BranchExcept(statements, exception_var, handler_statements)
RelationalCall(callee, input_exprs, output_slots)
InplaceAssign(slot, op_expr, value_expr)
Cond(cond, statements, statements)
ForHeader(slot, rest, value, cond)
Match(value, pattern_expr, match_slots)
Function(slots, default_exprs, return_flowvars, statements)
Let([(flow-variable, expr)], expr)
match_slot, slot, expr:
match_slot, slot, expr, cond:
These combinators cover the large parts of the language, although I may add some smaller combinators in the mix.
If the branchexcept and return/continue/break are used in the same mix, the branchexcept has to flag every control flow path and "lift" the flags back into control flow outside it. This operation creates additional flow variables.

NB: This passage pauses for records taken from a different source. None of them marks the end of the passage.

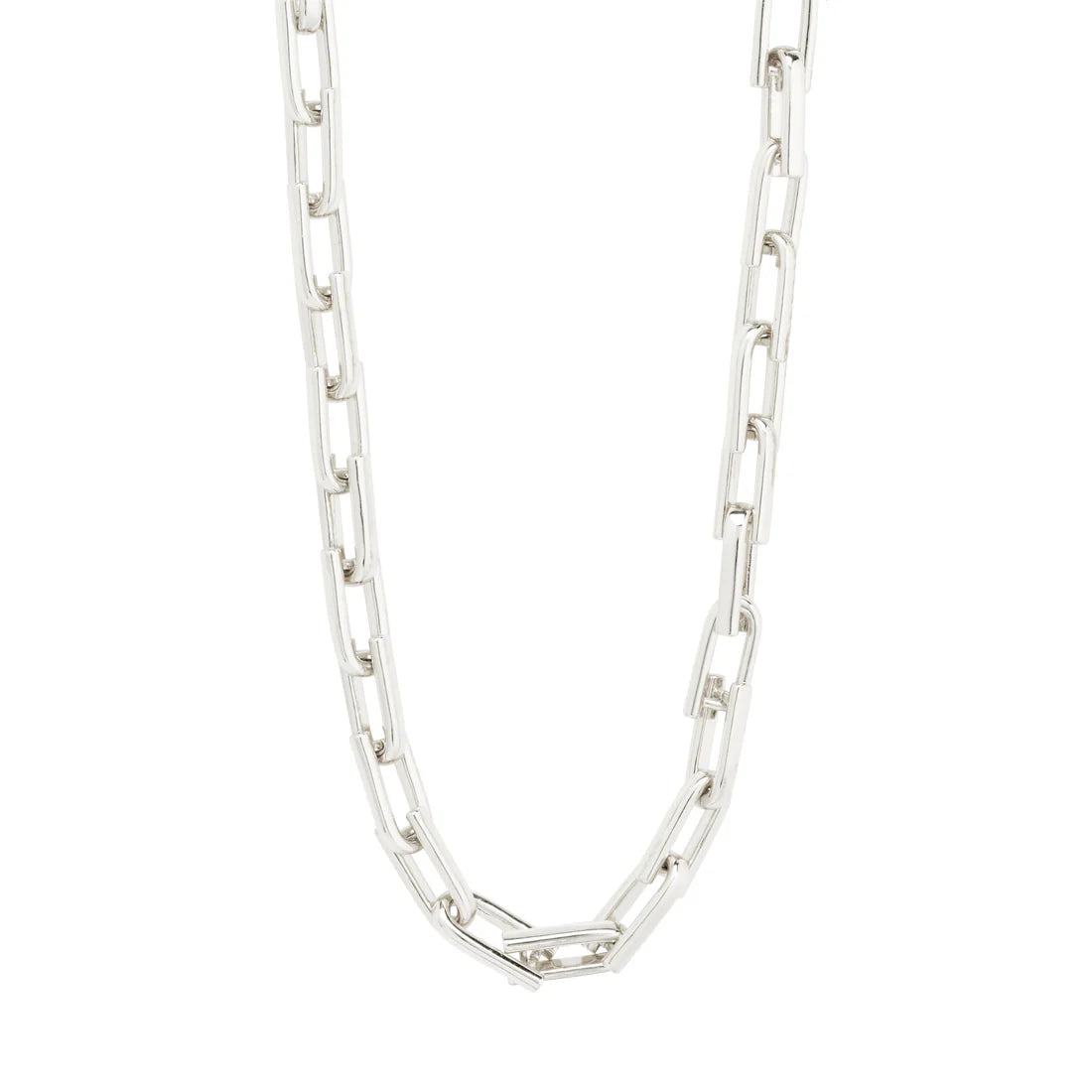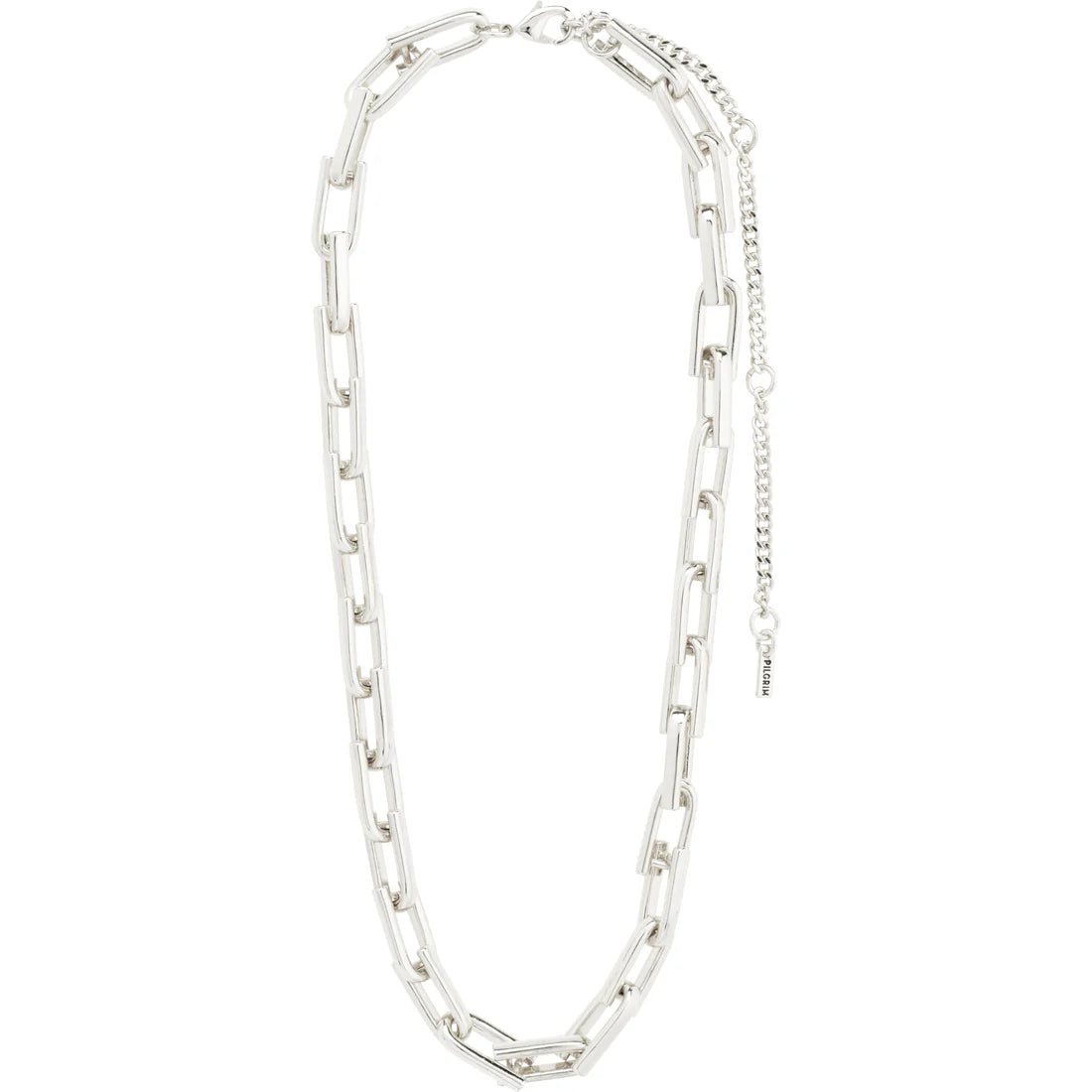 Stay strong! Silver-plated cable chain necklace from Pilgrim with rectangular open links that have a raw and sophisticated look that will boost your everyday styles. The chain's shiny finish adds a slick urban edge to your look, perfect for creating a confident style statement. With an adjustable length of 38 cm plus a 12 cm extension chain, you get a piece that can be customised according to your outfit and is environmentally friendly. The STAY necklace is made from 97% recycled material.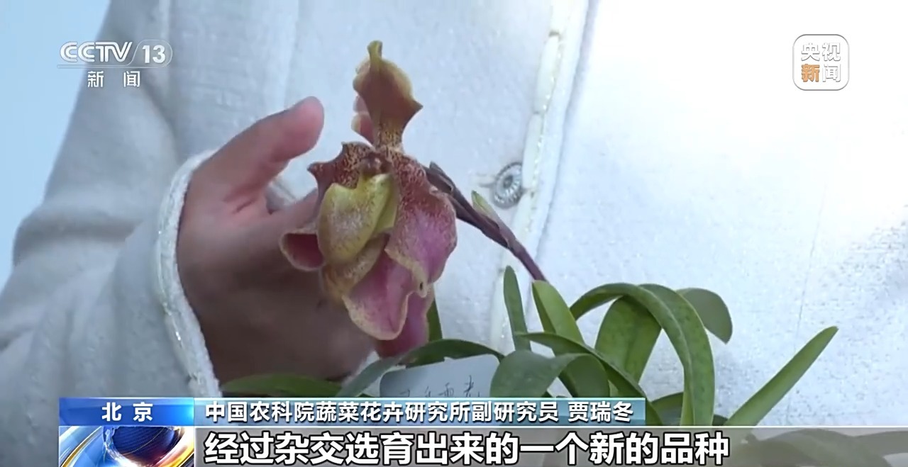 中國農(nóng)科院蔬菜花卉研究所副研究員 賈瑞冬:我們所做的工作就是怎么把物種繁殖利用起來。比如同色兜蘭和帶葉兜蘭經(jīng)過雜交選育出來的一個(gè)新的品種“靈秀霞光”,它的花兼具了同色兜蘭和帶葉兜蘭的優(yōu)點(diǎn),開不止一朵花,花瓣還比較厚,花比較大,花期會(huì)比較長。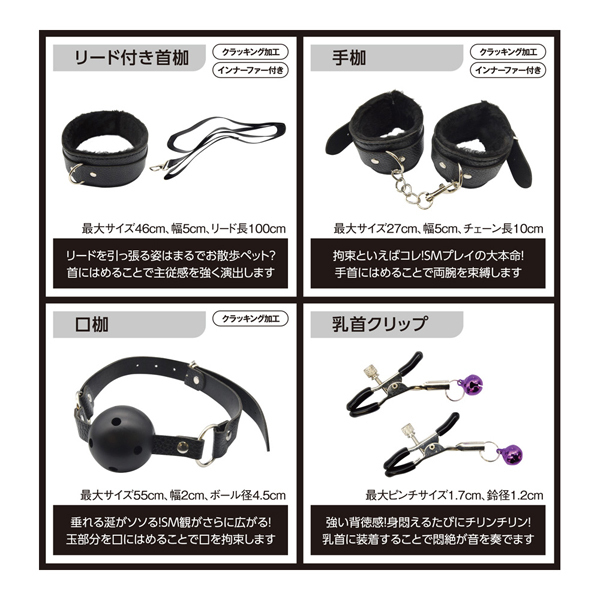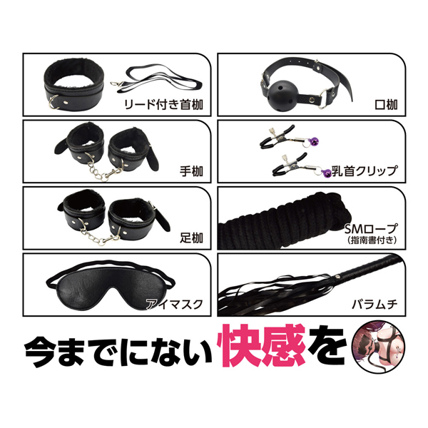 ペットのような主従感の「リード付き首枷」、本格拘束仕様の「手枷」、移動も束縛する「足枷」、暗闇が緊張感を強める「アイマスク」、垂れる涎がソソる「口枷」、悶絶で音を奏でる「乳首クリップ」、奥深さを感じる「SMロープ」、SMの代名詞「バラムチ」。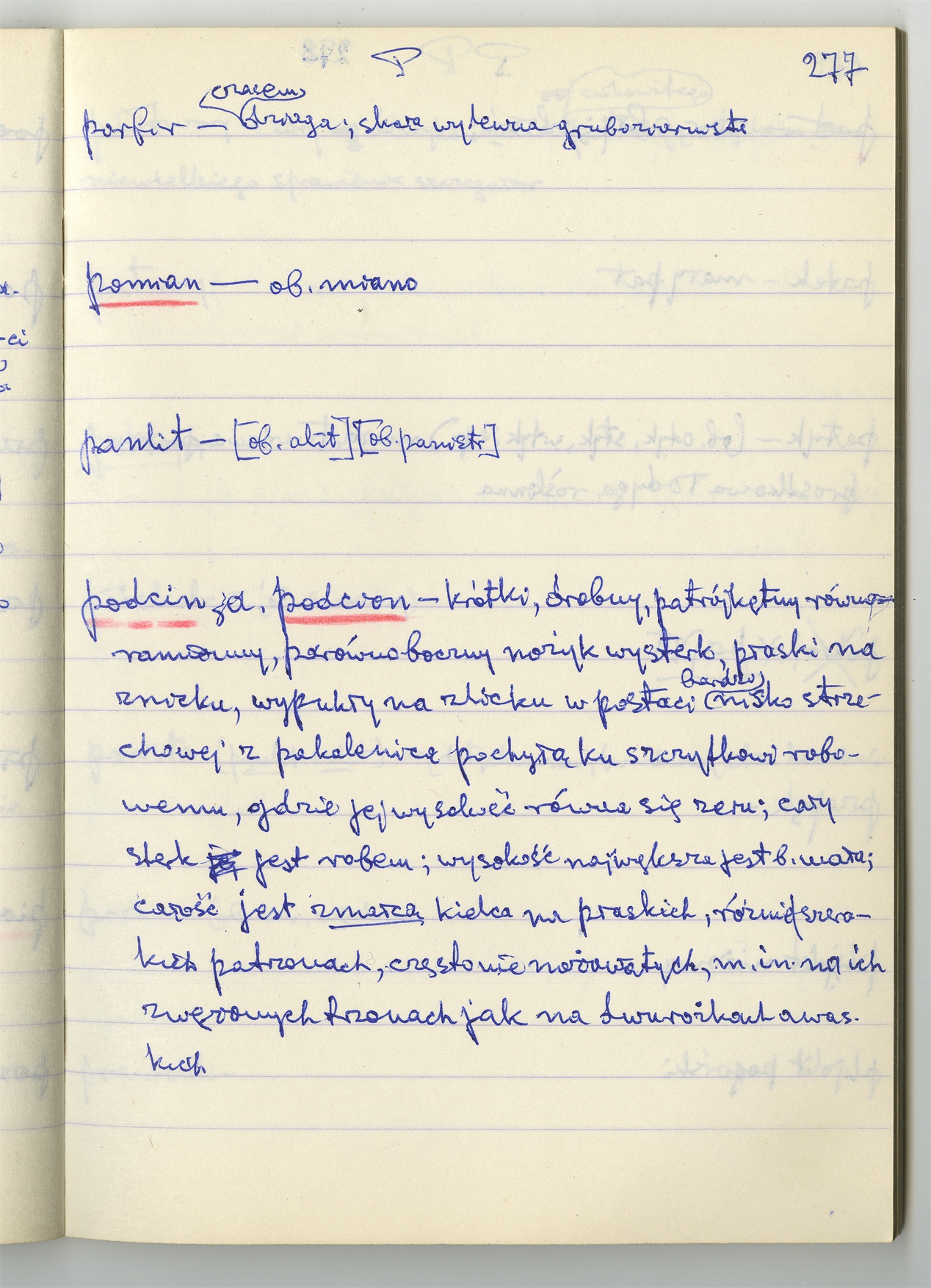 Rękopis słownika sporządzony w zeszycie w linię zatytułowany "Zumia stosowana P-R i S2 W2 Z2 s. 241-360" - strona 38: hasła słownikowe na literę P c.d. (autorska strona 277)

Scope does not need to be particularly handled. The
is retrieving flow variables from a simple table. If the
table doesn't have a flow variable for the symbol, then it
creates one if the symbol is allowed to define a variable.
Otherwise it generates a fetch to the global variables of the
To allow recursive definitions, the pattern
Assign(Symbol(), Function|Generator) must be specially
treated. This ensures the closure frames are merged into a
recursive shape if that is necessary.
The continuations and the context are two main elements in building the IR from the combinators. The context takes care of the scope and the state. The continuations point out places where you can insert instructions. Jump to a continuation generates a procedure, if the continuation was not pointing to a procedure.
The combinators roughly form classes by what is required from them.
- The statements take in a continuation and return a continuation.
- Loop headers take in entry continuation, leave continuation, they return an inner loop continuation.
- The return, break, continue capture the continuation, add them into the context stack. They return a fake non-generating continuation back.
- BranchExcept behaves in an ordinary mannel, but it needs to generate flags and portals if there are items added into the context stack by the try block, in order to route those through itself.
- Conditionals take in a continuation and produce one success and failure continuation. If they are used as expressions, then the failure is directed to raising a type error.
- Expressions take in a continuation, and produce a continuation plus a flow variable.
- Slots take in a continuation, return a continuation
and a slot object. The slot object has three functions.
read(cont) -> val, cont
write(cont, val) -> cont
match(cont, val) -> cont, cont
- If the slot is a match slot, it will define 'match' and derive 'write'. Otherwise it will do that otherwise around.
Since the tuple is a slot, there are some cases where it can be multiplexed or hidden, such that no tuple is generated. Furthermore, a function returning only obvious tuples returns multiple variables instead of tuples. And it is checked that when a function returns tuples, it returns them in only one size.
Furthermore I am so glad that I learned about Navas' work. There are still probably tons of things I could learn from him.